Поднялся шлагбаум, в ворота въехал возок без гербов, зато с позолоченными полозьями. Видимо, долго препирались из-за таможенных сборов; возница зло понукал лошадей, надорвался от крика, требуя дороги, толпа нехотя расступалась.

А шут Парамошка кричал брату Ермошке:

– Ухлебался ты молока пресного! (Хвать пузырем по потылице!) У тебя и портки лопнули!

Из возка высунулось гневное лицо седока:

– А ну, Гаврюха, дай им кнутом, да похлеще!

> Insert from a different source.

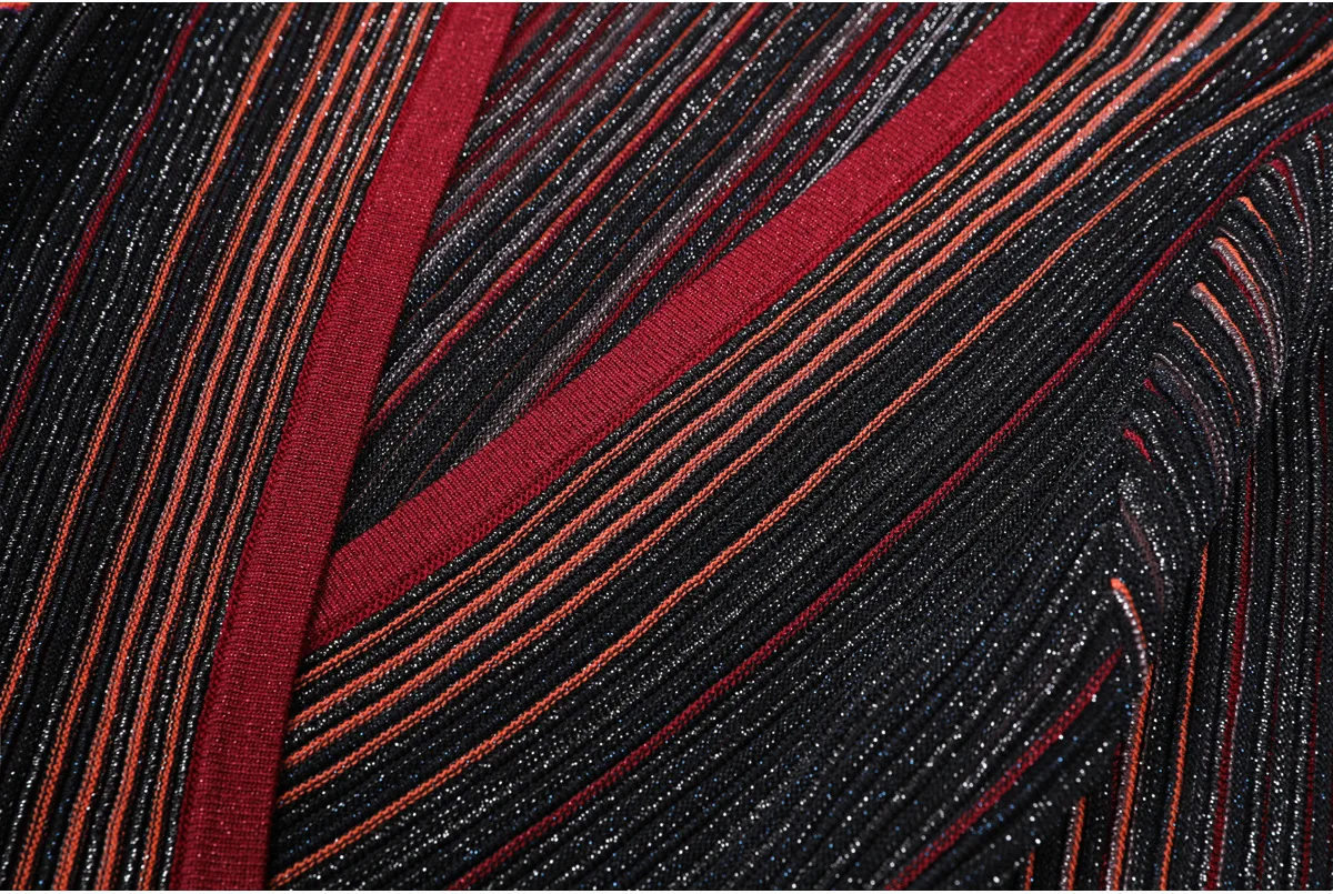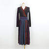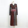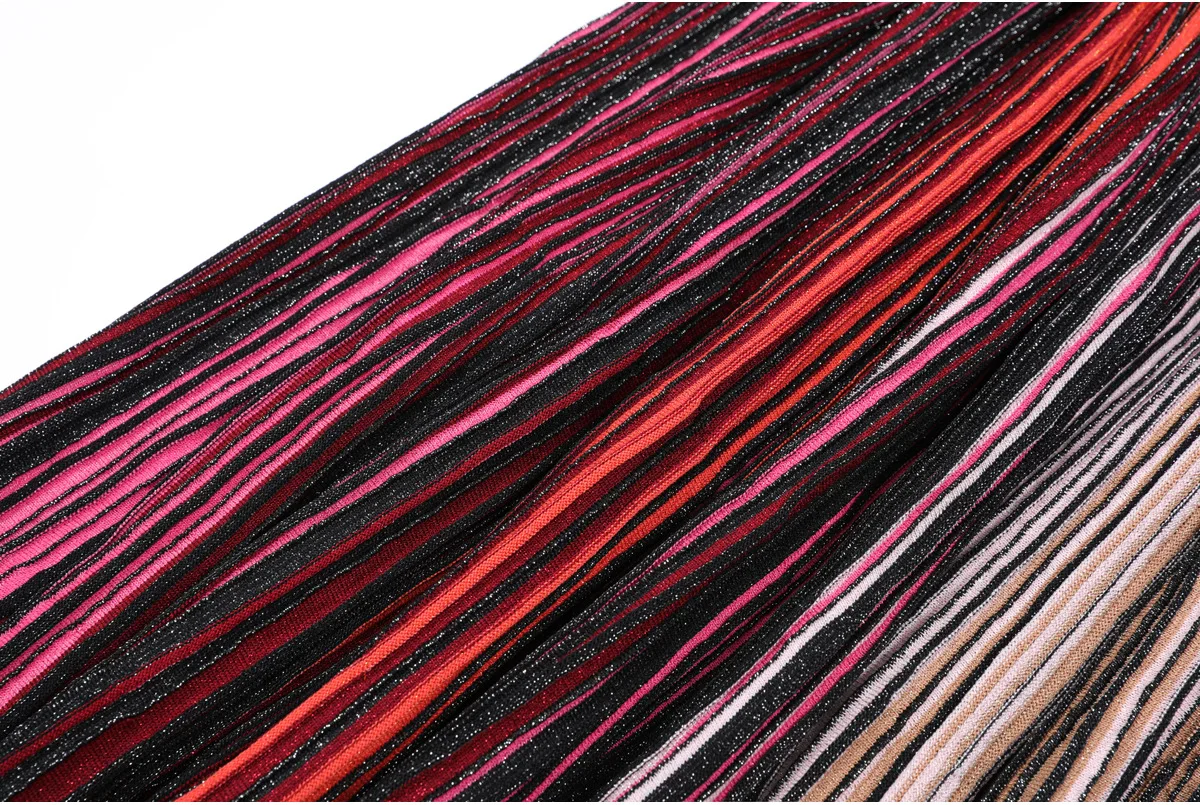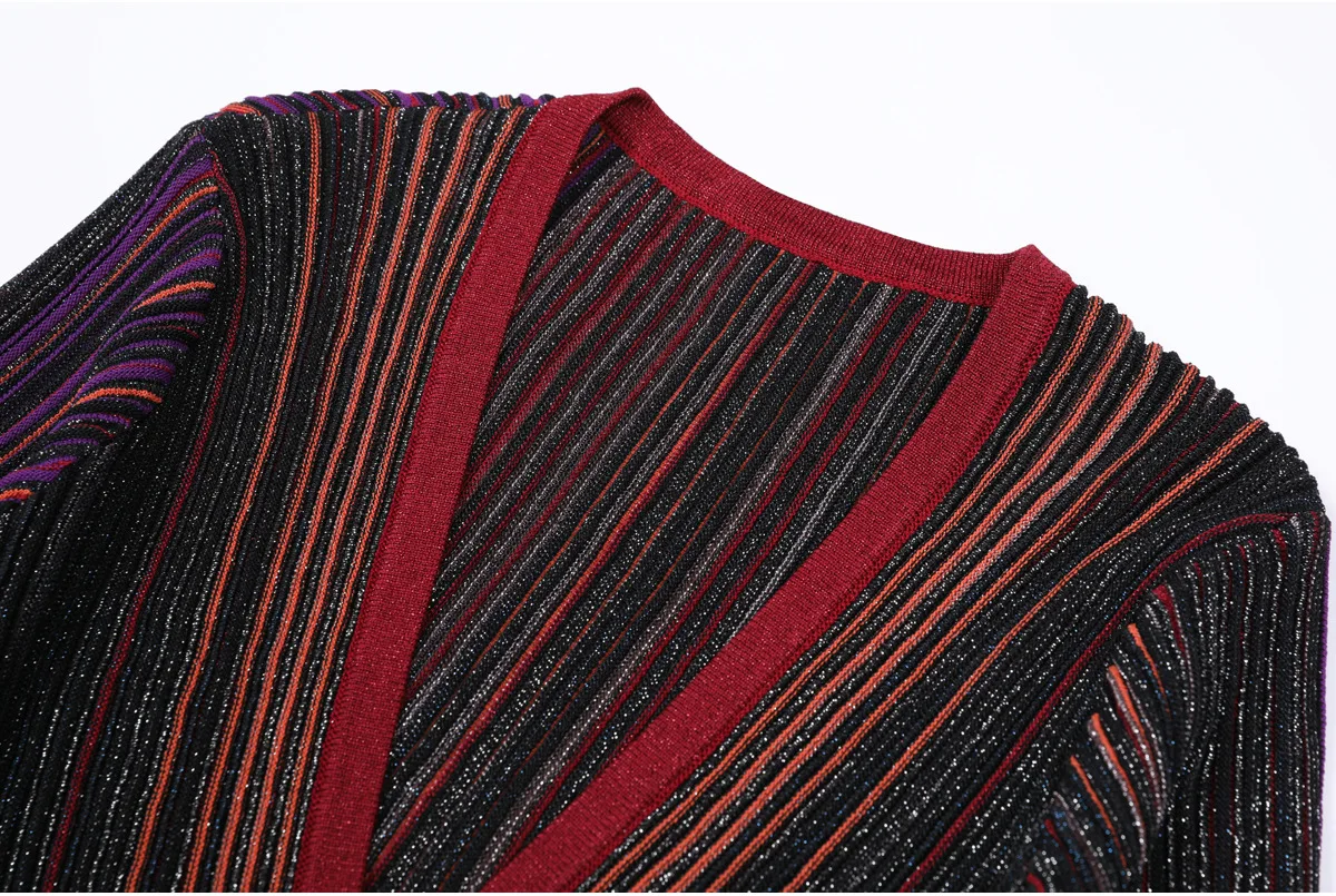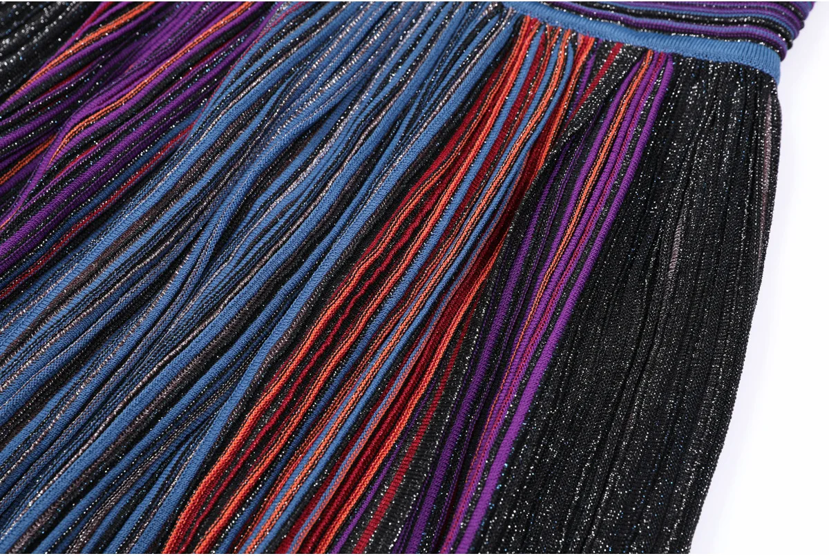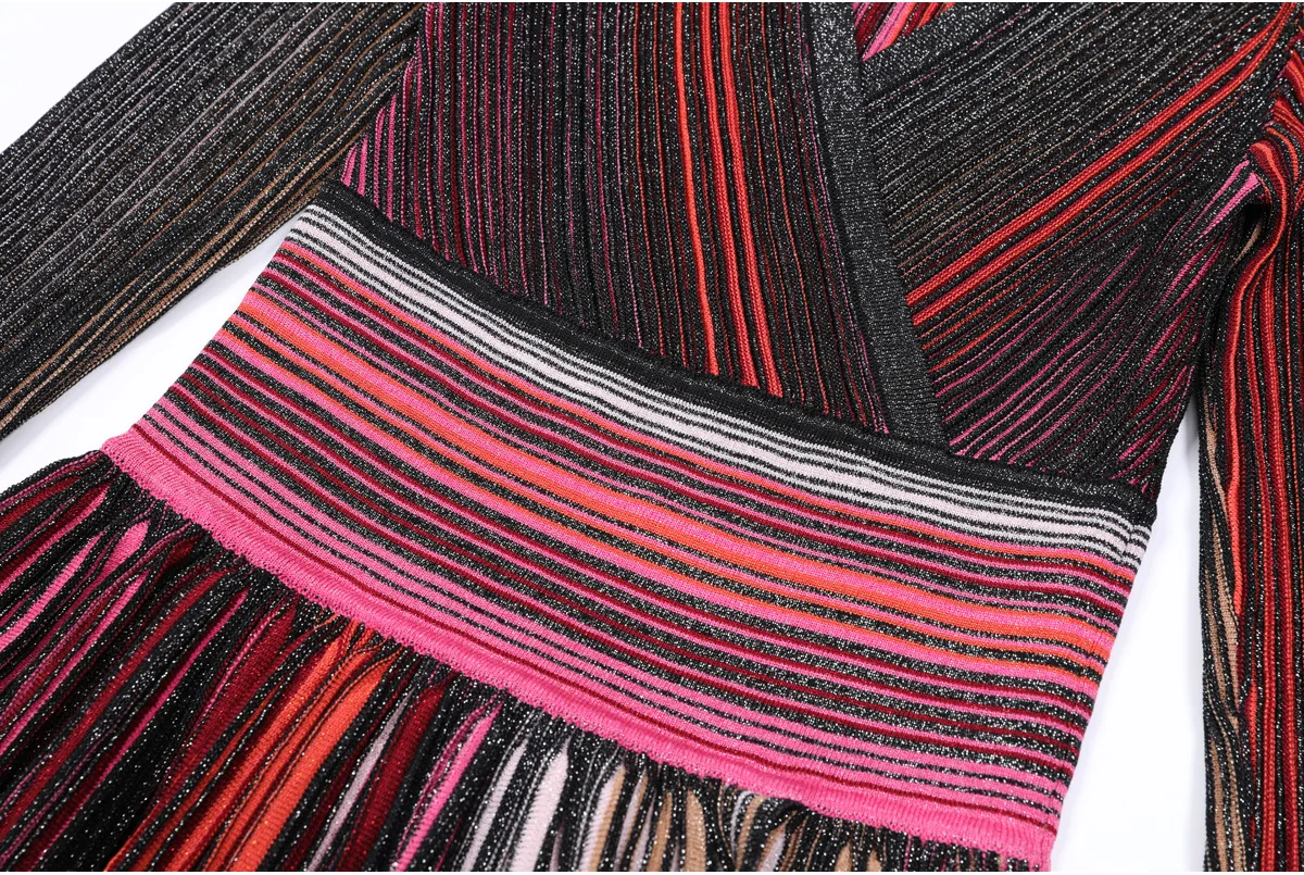 ZJYT New Elegant Women’s Rainbow Striped Knitting Dresses Sweaters Autumn Winter Long Sleeve V Neck Pleated Vintage Midi Dress

Люди наконец раздались, уступая дорогу, но, лишь только возок набрал скорость, вслед ему полетел свежий, дымящийся на морозе лошадиный навоз.

– Мерзавцы вшивые! – негодовал седок, рассматривая нашлепку на заднем стекле. – Царевич, бедный, еще говаривал, что любит чернь сию… Нет! Кнут, и только кнут!

– Куда прикажете? – обернулся возница.

– На Воздвиженку, к Авраму Лопухину, куда же еще…

Но возок вновь замедлил ход и, тихо поскрипывая полозьями, совсем остановился.

– Что еще там? – нервно осведомился седок. Возница указал ему кнутом на перекресток.

Это калики перехожие – идут, бредут, подпираясь посохами; они не нищие, лохмотьев показных у них нет, все аккуратное – и лапотки, и армяки, и холстинные мешочки для подаяний. Некоторые из них слепцы; они поднимают вечно улыбающиеся лица и поворачивают их в ту сторону, откуда слышен колокольный звон, крестятся. Ведут их столь же благолепные мальчики-поводыри.

Неторопливой чередой калики перешли Тверскую улицу, расположились на ступенях паперти. Прохожие кидали им мелочь, и, заслышав звон падающей монеты, калики начали привычно голосить:

– Спаси вас бог за ваше подаяние, народи вам боже в поле ржи восходом, в гумне умолотом… Попаси вам Фрол-Лавер лошадок, а Власий – коровок, а Настасей – овечек…

Седок откинулся на кожаную спинку сиденья, руки так и чесались кого-нибудь вздуть. Он только что из-за границы – там порядок, там уж чернь не осмелится преградить путь знатному экипажу. Нет, пожалуй, и правда такому разнузданному племени нужен только царь-антихрист!

И вдруг, вновь поглядев в окошко, седок отворил дверцу кареты, всматриваясь в лица бредущих слепцов.

– Иоанн Мануйлович, неужели это вы? Помощник директора Печатного двора, латинист, стихотворец – и калики перехожие? Что я зрю?

– Господня воля… – отвечал Иоанн Мануйлович, который успел отпустить бородку и, когда закатывал глаза, весьма был похож на слепого. – Господня воля, всемилостивейший государь господин Кикин… Велено свыше мне возвращаться на родину, в Нежин, так я сподобился со слепцами: и трат никаких, и пение мое им сподручно.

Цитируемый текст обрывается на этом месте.